Sevgilisi yanındayken atıp tutan (geçen 3 kişiyi yamulttum özür dileyerek kaçtılar) gencin sevgilisine laf atıldığı zaman hızlı yürü hadi diye kızması olayıdır.
gürültü, boşa çabalardan kaçıştır bir yerde. zaten bünye huzursuzdur, değil kavgayı en ufak bir tartışmayı bile kaldırmaz. her şeye tamam der geçer böyle insanlar. hayat sakinleştiricisini doğuştan vermiştir.
Kavga etmek hiçbir zaman çözümün parçası olmamaktır. Mantıklı ve akılcı olam sorunu kökten çözmek olup bunun bir yolu vardır. Sorunu ortadan kaldirmak.
cıks yanlıştır.
kişi bir yere kadar kavga etmekten çekinir ama
sabrında tahammülleri vardır.
o tahammüller zorlanırsa eğer
dayak yiyeceğini bile bile kavga eder insan
karşıdaki insanın fiziksel görüşü falan önemli değil.
kavganın çözüm yolu olmadığını bilen kişinin yapacağı eylemdir, kendimden bilirim henüz hiç kavga etmedim kimse bana karışmaz ben de kimseye karışmam olay olsa bile konuşarak halletmek vardır.

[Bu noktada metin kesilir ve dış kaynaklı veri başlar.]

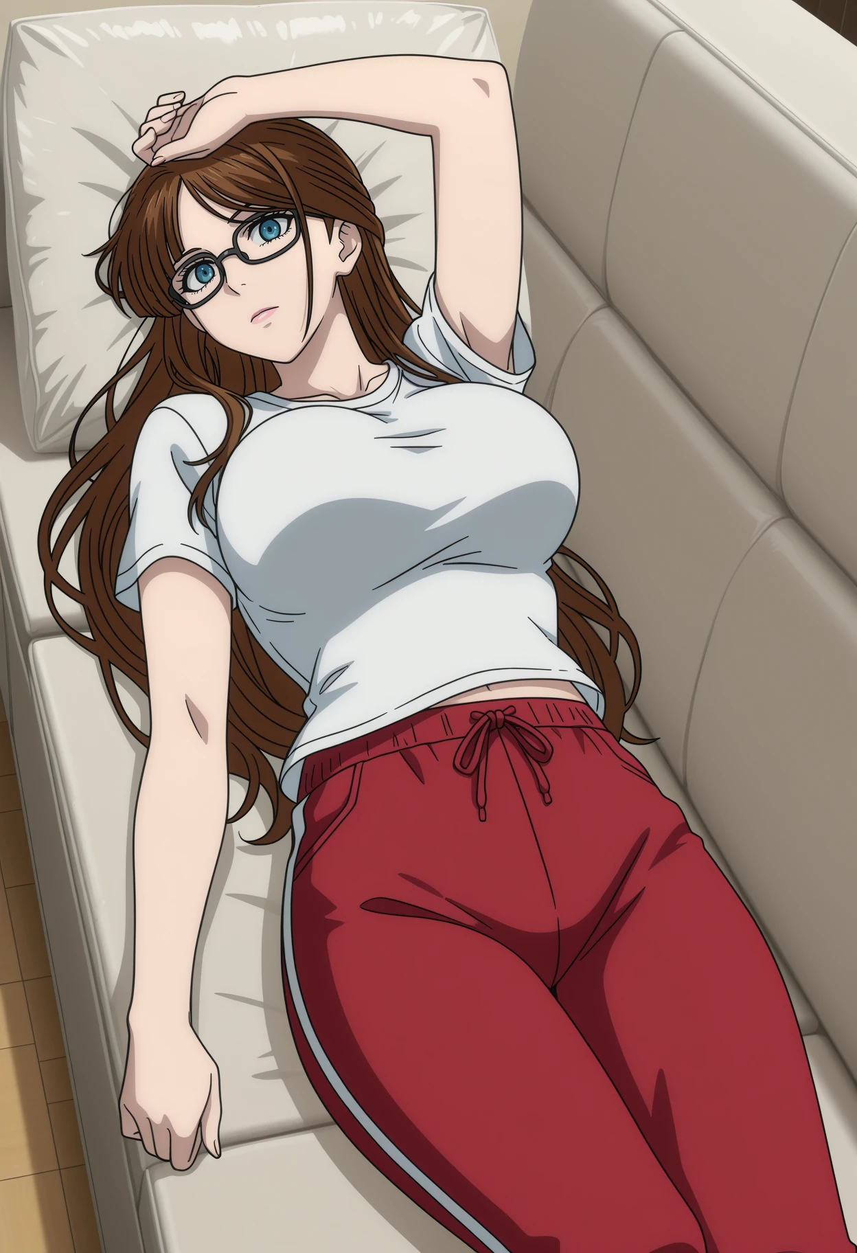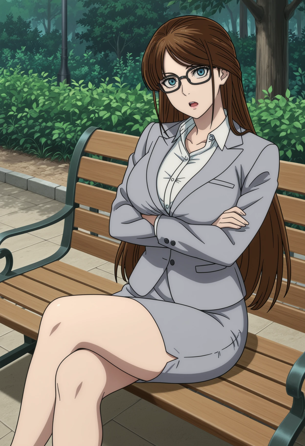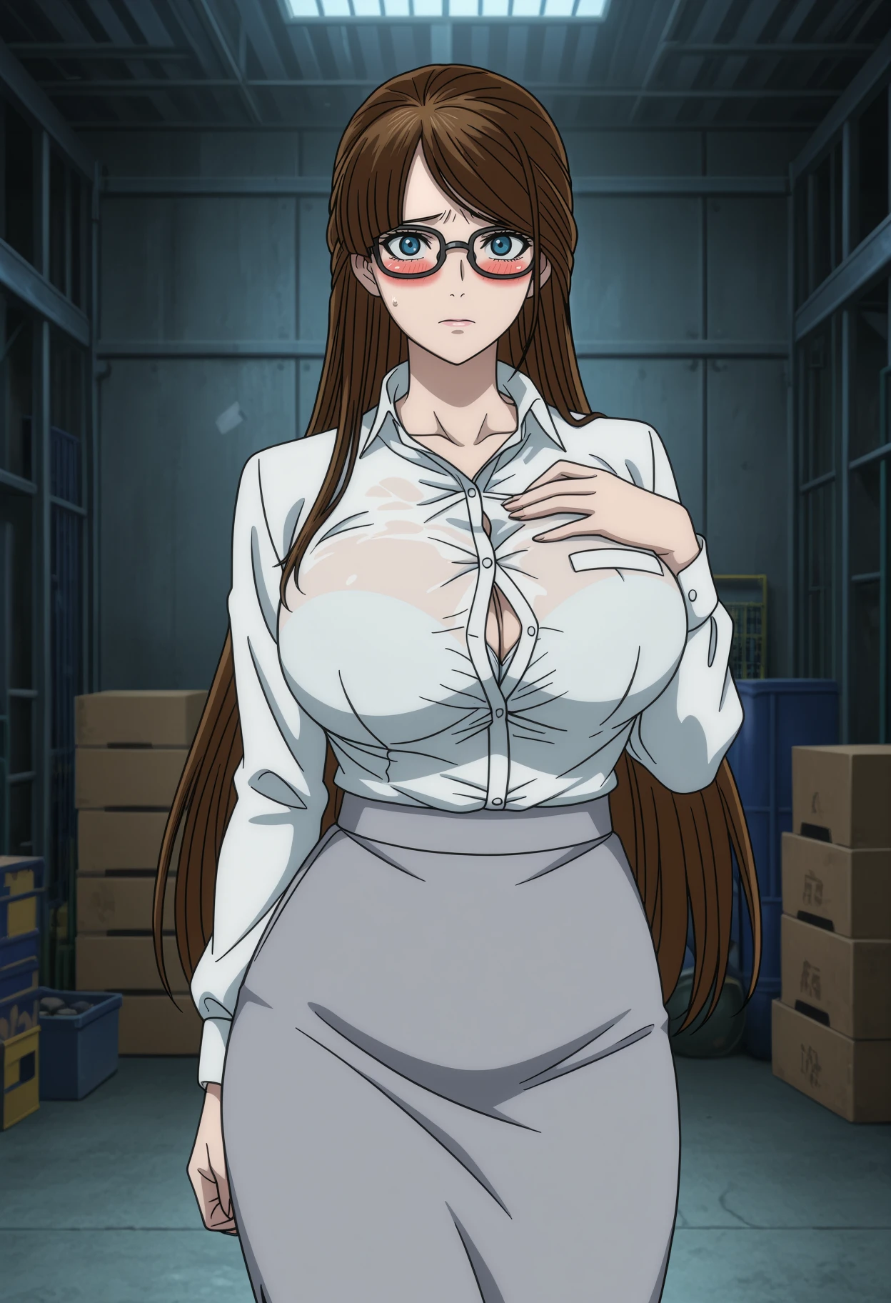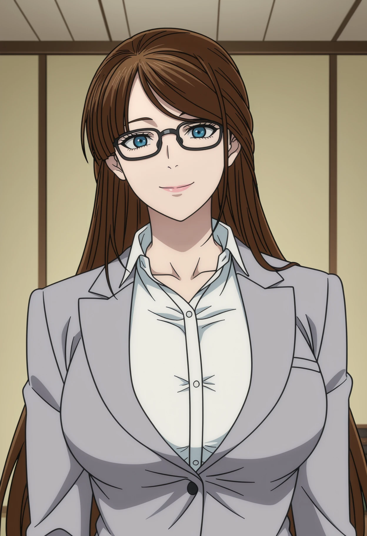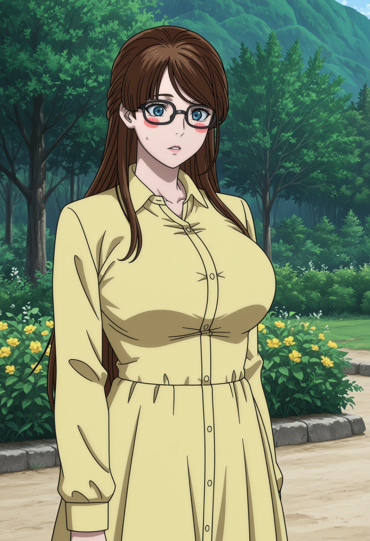 1girl,solo,mm,mature female,long hair,brown hair,blue eyes,glasses,half updo,large breasts,anime coloring

içinde ciddi bir şiddet potansiyeli barındıran fakat bunu bastıran insandır, eğer zorunda kalmışsa artık kavga kaçınılmazsa bu insan karısındaki kişiye ciddi bir zarar vermeden de içini rahatlatamaz. bu yüzden başına ciddi belalar alabilir. sadece kendisini değil ailesini ve sevdiklerini de düşünmesi gerekir. onun için şiddeti en aza indirmek mantıklı düşünmek ve itidalli olmak insanı beladan uzak tutar.